I segnali di domanda più debole hanno contribuito al forte calo dei prezzi all’ingrosso della carne bovina e dei future sui bovini vivi — i contratti negoziati a Chicago usati per prezzare i bovini pronti per la macellazione — a partire dalla fine di giugno. I future a Chicago hanno toccato a fine luglio il livello più basso da dicembre, dopo che il Dipartimento dell’Agricoltura degli Stati Uniti ha deciso di riprendere entro questo mese le importazioni di bovini dal Messico, dopo un divieto durato oltre un anno per impedire la diffusione del screwworm, un parassita le cui larve si nutrono delle ferite aperte del bestiame. Il mercato ha segnato un nuovo minimo a nove mesi venerdì, dopo che Tyson ha annunciato le sue ultime chiusure di impianti.
“È stata una catena di eventi sul lato della domanda che ci ha portato a questo punto”, ha detto Abby Greiman, consulente per il mercato del bestiame presso Ever.Ag Insights, commentando il ribasso. “La situazione appare molto più debole di quanto non fosse da molto tempo.”

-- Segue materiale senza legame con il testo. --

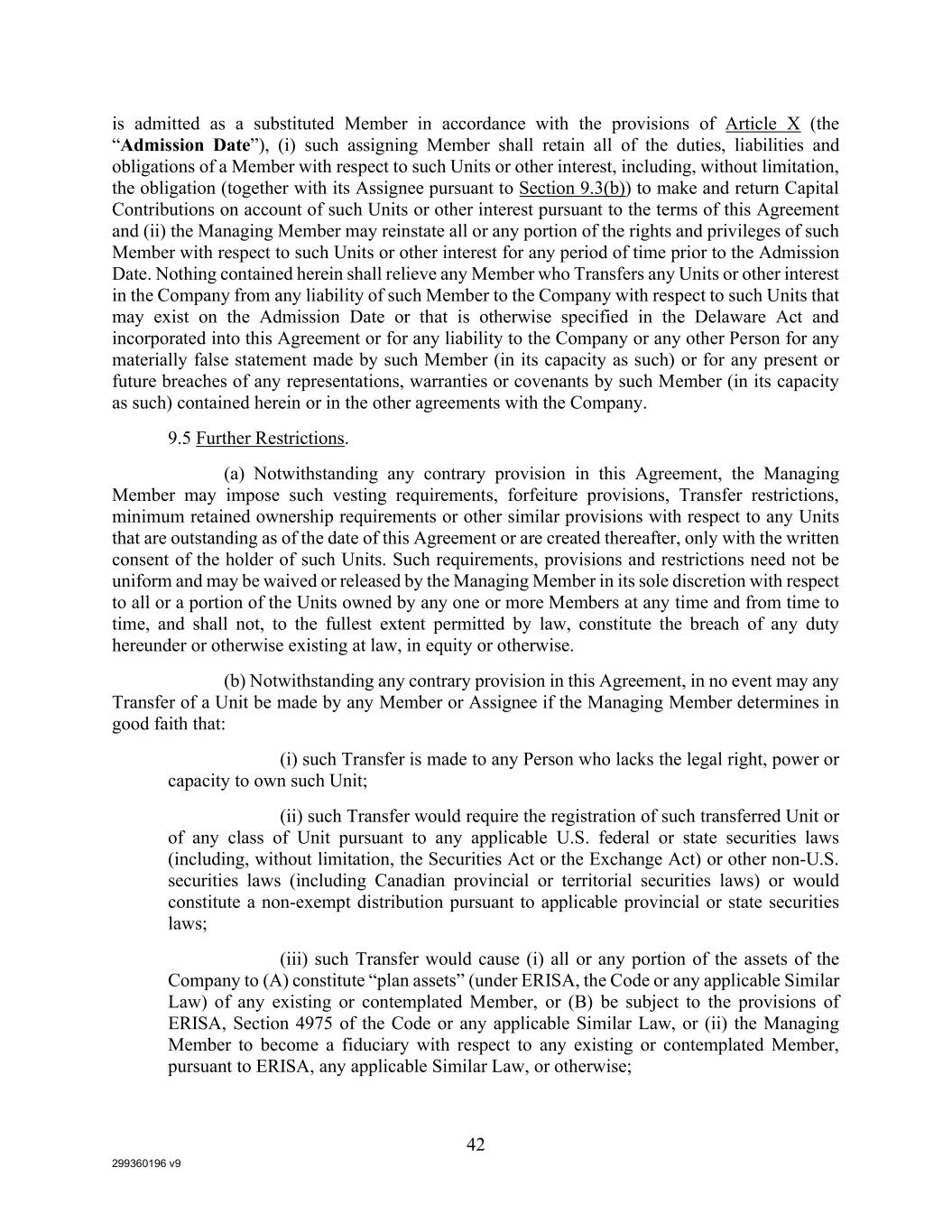 299360196 v9 42 is admitted as a substituted Member in accordance with the provisions of Article X (the “Admission Date”), (i) such assigning Member shall retain all of the duties, liabilities and obligations of a Member with respect to such Units or other interest, including, without limitation, the obligation (together with its Assignee pursuant to Section 9.3(b)) to make and return Capital Contributions on account of such Units or other interest pursuant to the terms of this Agreement and (ii) the Managing Member may reinstate all or any portion of the rights and privileges of such Member with respect to such Units or other interest for any period of time prior to the Admission Date. Nothing contained herein shall relieve any Member who Transfers any Units or other interest in the Company from any liability of such Member to the Company with respect to such Units that may exist on the Admission Date or that is otherwise specified in the Delaware Act and incorporated into this Agreement or for any liability to the Company or any other Person for any materially false statement made by such Member (in its capacity as such) or for any present or future breaches of any representations, warranties or covenants by such Member (in its capacity as such) contained herein or in the other agreements with the Company. 9.5 Further Restrictions. (a) Notwithstanding any contrary provision in this Agreement, the Managing Member may impose such vesting requirements, forfeiture provisions, Transfer restrictions, minimum retained ownership requirements or other similar provisions with respect to any Units that are outstanding as of the date of this Agreement or are created thereafter, only with the written consent of the holder of such Units. Such requirements, provisions and restrictions need not be uniform and may be waived or released by the Managing Member in its sole discretion with respect to all or a portion of the Units owned by any one or more Members at any time and from time to time, and shall not, to the fullest extent permitted by law, constitute the breach of any duty hereunder or otherwise existing at law, in equity or otherwise. (b) Notwithstanding any contrary provision in this Agreement, in no event may any Transfer of a Unit be made by any Member or Assignee if the Managing Member determines in good faith that: (i) such Transfer is made to any Person who lacks the legal right, power or capacity to own such Unit; (ii) such Transfer would require the registration of such transferred Unit or of any class of Unit pursuant to any applicable U.S. federal or state securities laws (including, without limitation, the Securities Act or the Exchange Act) or other non-U.S. securities laws (including Canadian provincial or territorial securities laws) or would constitute a non-exempt distribution pursuant to applicable provincial or state securities laws; (iii) such Transfer would cause (i) all or any portion of the assets of the Company to (A) constitute “plan assets” (under ERISA, the Code or any applicable Similar Law) of any existing or contemplated Member, or (B) be subject to the provisions of ERISA, Section 4975 of the Code or any applicable Similar Law, or (ii) the Managing Member to become a fiduciary with respect to any existing or contemplated Member, pursuant to ERISA, any applicable Similar Law, or otherwise;

Il 250° anniversario degli Stati Uniti e la Coppa del Mondo avevano già contribuito ad ampliare i consumi, ma “penso che il mercato stesse cercando l’occasione per tirare un po’ il fiato, perché da tanto tempo deve fare i conti con prezzi elevati”, ha detto Michael Di Sabato, fondatore di HighLine Consulting Group. “Questa è stata la prima occasione perché i consumi opponessero un po’ di resistenza.”
Le società di fast food hanno già notato il trend. Michelle Hook, chief financial officer di Shake Shack Inc., ha detto in una call con gli investitori questo mese che l’inflazione della carne bovina nella seconda metà dell’anno sarà “un po’ meno marcata”. Restaurant Brands International Inc., proprietaria di Burger King, ha detto di aspettarsi un certo sollievo, anche se “molto più” di questo arriverà all’inizio del 2027.
Tuttavia, i consumatori non dovrebbero aspettarsi un sollievo immediato. Il primo porto riaperto per le spedizioni di bovini vivi dal Messico non è il più grande degli Stati Uniti, e quegli animali devono anche essere allevati per diversi mesi prima della macellazione. Nel frattempo, la mandria bovina statunitense al 1° luglio rimane ancora vicina ai livelli più bassi degli ultimi circa cinque decenni.
I prezzi più bassi non si trasmetteranno prima della fine del terzo trimestre, nella migliore delle ipotesi, a causa delle scorte residue e dei programmi di copertura, ha detto George Paleologou, amministratore delegato di Premium Brands Holdings Corp., in una recente conference call sui risultati. Per quanto riguarda i tempi con cui restituire il beneficio ai clienti, dipende da quanto scenderanno i prezzi, ha affermato Paleologou, la cui società vende carni confezionate negli Stati Uniti e in Canada.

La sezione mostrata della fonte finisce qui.